Yes, but make sure that one front chainring is a non-ramped type....ie SS specific for better chain retention.

BTW, is short-cage rear derailleur enough for 11-34 cassette? Thought would need mid-cage?


----------



## louisssss (Jun 24, 2009)

i want to keep my 11-34 cassette in the rear and use my middle chainring in the front, how do i do this?

what parts will i need?


----------



## Ryan G. (Aug 13, 2004)

Ahh forgot about the chain ring. Not sure on the rear der but you are probably right on the med cage.


----------



## The Diesel (Apr 4, 2008)

couldnt you just remove the chainrings and get a ss specific chainring? Then lose the der. and shifter?

or even jus tuse your middle chainring and just get shorter bolts.


----------



## boomn (Jul 6, 2007)

Nope, short cage is fine for 1x9. The different cage lengths all work with the same size cassettes, the cage length just determines how much chain slack it can take up from the difference between your largest gear combo and your smallest gear combo. Long cage works fine too, it just doesn't prevent as much chain bounce and chain slap on the bottom half of the chain (which can be a cause of dropping the chain up front)

Your existing middle ring will work fine for now, especially if you just want to see if you like it or not. SS ring does work _better_ though.
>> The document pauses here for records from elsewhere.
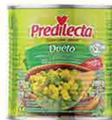
9906 DUETO MILHO+ERVILHA PREDILECTA LATA | 24X170GR 7896292348073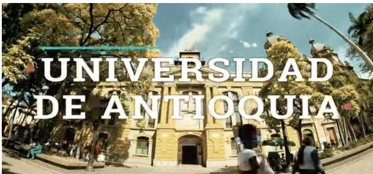
Figura 7. Paraninfo de la Universidad de Antioquia. Imagen tomada del vídeo “Así somos: Universidad de Antioquia”. Elaboración propia.

Esta dependencia posee un conjunto de actividades, espacios, cursos y talleres que fomentan el arte y la cultura universitaria con el fin de promover espacios complementarios a la formación académica y laboral de los actores presentes en los quehaceres de la Universidad de Antioquia. Bienestar Universitario se plantea la Extensión como el eje misional a cumplir dentro de la universidad, propiciando espacios para la formación integral de los estudiantes, docentes y trabajadores de la Universidad.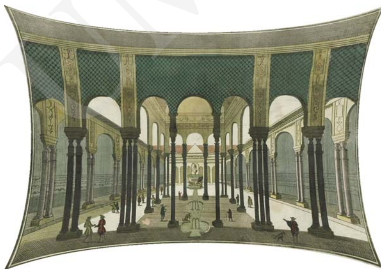
Ilustracja 6. Dziedziniec Lwów w pałacu Maurów w Grenadzie, grafika ok. 1760. Symulacja efektu zniekształcenia grafiki przez pozorne, żaglaste ugięcia jej powierzchni w optyce dwustronnie wypukłej soczewki (na podstawie reprodukcji).

W percepcji widza tworzy się wrażenie trójwymiarowego menisku wklęsłego. Centrum grafiki cofa się, krawędzie występują do przodu, naroża unoszą się pozornie ku widzowi. Daje to efekt wycinka hemisferycznej dioramy (zob. il. 6). Rezultat ten znacznie zwiększa u widza poczucie rzekomej trójwymiarowości przestrzeni 8 .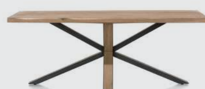
art. nr. 36478 OVADA Eetkamertafel bxhxd 200x77x100 cm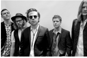
La Recomendación de hoy... Cage the Elephant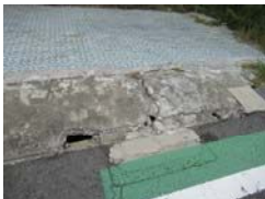
道路に穴が開いている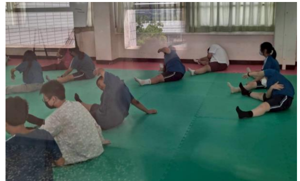
114-1體控班體重改善獎勵名單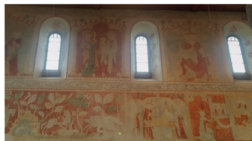
Freske an der Nordwand der Kirche Oberwinterthur: Sigibert, der Sohn von König Dagobert, wird bei einem Jagdunfall tödlich verletzt.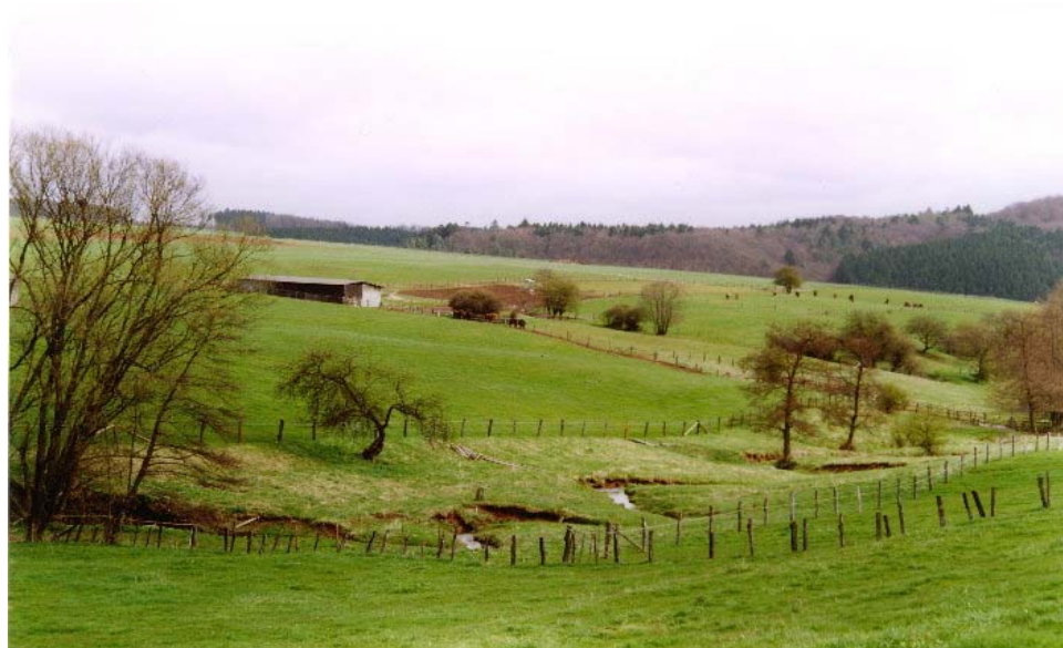
Nach der Auszäunung im Frühjahr 1998 wurde der Uferrandstreifen der Sukzession überlassen, das Bild zeigt den Uferrandstreifen im April 1999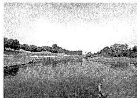
岡崎カントリー倶楽部 14 番ホール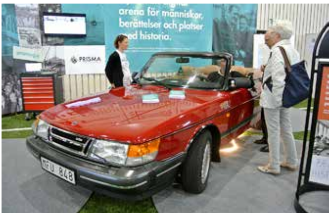
Hembygdens år 2016 – Tångamässan Vårgårda. Prisma VG, erbjuder en digital arena med berättelser och föremål om industrin från dåtid till nutid.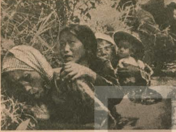
Viet-nam'lı kadınlar, çocuklarıyla birlikte emperyalist saldırganlara karşı savaştılar.

Vietnam Güneydoğu Asya'da dar uzun bir şerit gibi uzanan bir ülkenin adı. Bir zamanlar bağımsız bir ulus iken boyunduruk altına düşmüş Vietnam, önce Fransız, sonra Japon ve nihayet Amerikan emperyalizmine karşı aralıksız savaş vermiştir. Şu günlerde 30 yıldan fazla süren bir savaşın acılarını dindirmek ve bir zamanlar kuzey ve güney şeklinde ayrılan ama şimdi tek bir ülke, tek bir ulus olmanın sevincini tadan bir ülkedir Vietnam.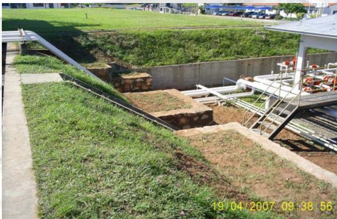
Petrobras Gas Villa Elisa Construcción muro contención de talud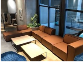
机 2脚 ソファ 4名分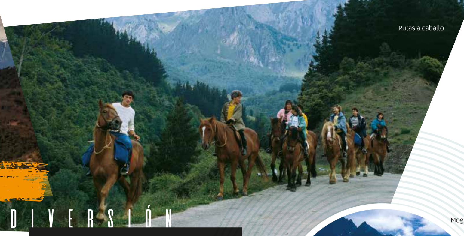
Rutas a caballo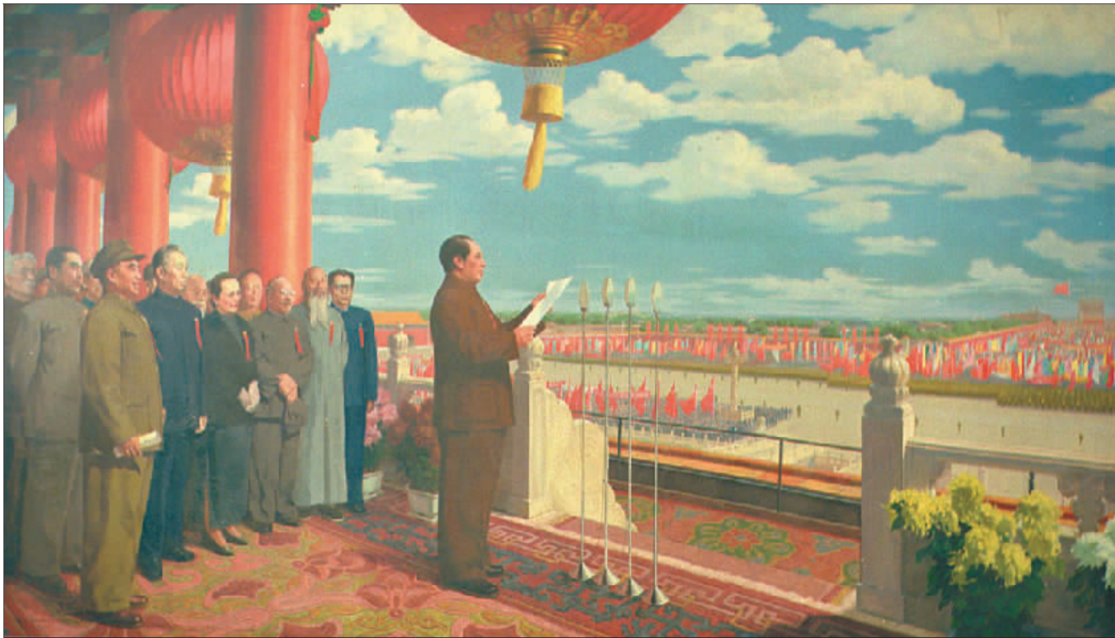
开国大典(油画) 董希文 230cm×402cm 1953年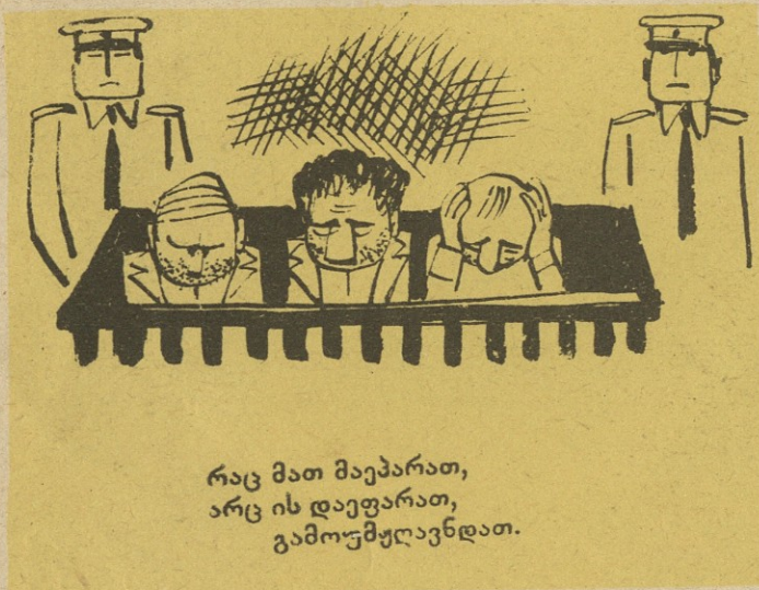
რაც მათ მეუბრათ, არც ის დაეფარათ, გამოუმუღვენდათ.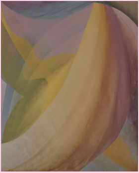
江見絹子「ベガサスのいる空」 油彩/カンヴァス、1991年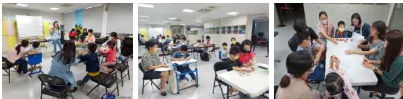
▲ 親子演練說明 ▲ 親子引導技巧演練 ▲ 引導技巧示範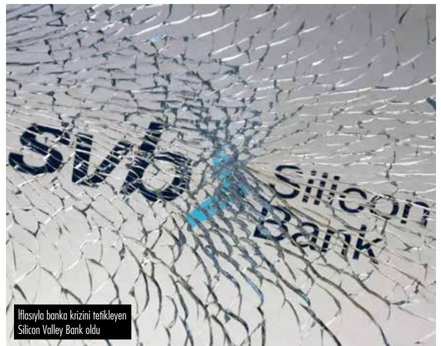
İflasıyla banka krizini tetikleyen Silicon Valley Bank oldu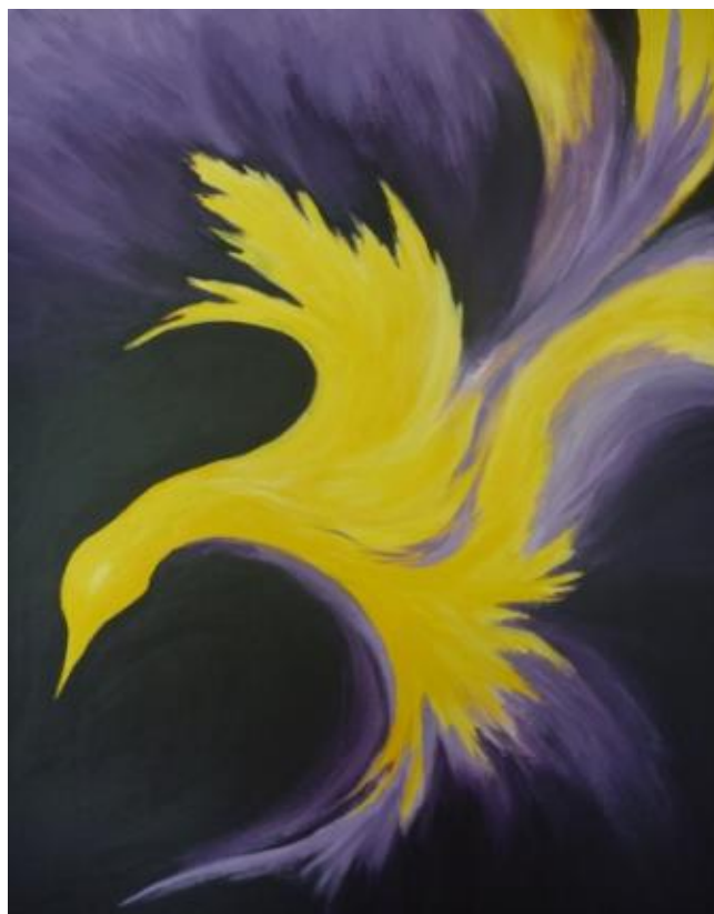
„Gelber Vogel V“, 2012 Acryl auf Leinwand 60x80 cm

Cheapest way to set it up properly is buy an N-Gear Jump Stop (prevent dropping the chain to the inside) and a BBG bashguard (prevent dropping it to the outside)


----------



## louisssss (Jun 24, 2009)

boomn said:


> Nope, short cage is fine for 1x9. The different cage lengths all work with the same size cassettes, the cage length just determines how much chain slack it can take up from the difference between your largest gear combo and your smallest gear combo. Long cage works fine too, it just doesn't prevent as much chain bounce and chain slap on the bottom half of the chain (which can be a cause of dropping the chain up front)
> 
> Your existing middle ring will work fine for now, especially if you just want to see if you like it or not. SS ring does work _better_ though.
> 
> *Cheapest way to set it up properly is buy an N-Gear Jump Stop (prevent dropping the chain to the inside) and a BBG bashguard (prevent dropping it to the outside)*


where can i get these cheap and what are the shorter bolts for and which will i need?


----------



## AlexJK (May 2, 2009)

You need a bashguard, a jump stop, allen wrenches, a big screwdriver, a cold beer, and a soundproof room with a deadbolt so that you can blast Guns and Roses without your significant other *****ing at you.


----------



## boomn (Jul 6, 2007)

louisssss said:


> where can i get these cheap and what are the shorter bolts for and which will i need?


you only need the shorter bolts if you aren't using a bash guard. The bolts have to be shorter because they are only going through one ring and not two

Here are the BBG bashguards, they are a home-made by a guy in Oregon and one of the cheapest easily available bashguards. $18 including shipping. Get the size that matches your middle ring. A size up wont hurt though as it allows you to try a bigger middle ring if you want.

There are a bunch of online stores that carry the Jump Stop now, but I like to buy direct from the guy here. Email him and then paypal him $12 (free shipping)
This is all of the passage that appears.